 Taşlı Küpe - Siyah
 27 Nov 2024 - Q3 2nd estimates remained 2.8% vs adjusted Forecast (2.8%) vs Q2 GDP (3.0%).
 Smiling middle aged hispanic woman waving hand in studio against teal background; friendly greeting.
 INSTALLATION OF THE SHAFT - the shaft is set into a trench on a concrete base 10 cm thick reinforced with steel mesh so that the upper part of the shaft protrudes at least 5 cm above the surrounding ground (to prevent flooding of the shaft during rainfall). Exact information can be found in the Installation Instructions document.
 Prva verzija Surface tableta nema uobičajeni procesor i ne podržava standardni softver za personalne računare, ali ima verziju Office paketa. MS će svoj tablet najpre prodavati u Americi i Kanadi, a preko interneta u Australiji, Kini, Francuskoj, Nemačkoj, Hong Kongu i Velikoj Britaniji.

--

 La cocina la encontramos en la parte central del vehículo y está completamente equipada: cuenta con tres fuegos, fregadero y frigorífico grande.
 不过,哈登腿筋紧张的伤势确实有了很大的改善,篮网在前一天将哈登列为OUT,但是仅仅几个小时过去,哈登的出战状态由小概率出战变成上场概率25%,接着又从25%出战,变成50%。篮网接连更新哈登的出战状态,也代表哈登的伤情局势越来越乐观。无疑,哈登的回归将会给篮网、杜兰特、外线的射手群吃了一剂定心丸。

→ **YOUR GOAL**: Starting at the line that contains "INSTALLATION OF THE" and stopping after the line that contains "Prva verzija Surface", write out every line exactly as it appears above, and no other line.

→ **RESULT**:
 INSTALLATION OF THE SHAFT - the shaft is set into a trench on a concrete base 10 cm thick reinforced with steel mesh so that the upper part of the shaft protrudes at least 5 cm above the surrounding ground (to prevent flooding of the shaft during rainfall). Exact information can be found in the Installation Instructions document.
 Prva verzija Surface tableta nema uobičajeni procesor i ne podržava standardni softver za personalne računare, ali ima verziju Office paketa. MS će svoj tablet najpre prodavati u Americi i Kanadi, a preko interneta u Australiji, Kini, Francuskoj, Nemačkoj, Hong Kongu i Velikoj Britaniji.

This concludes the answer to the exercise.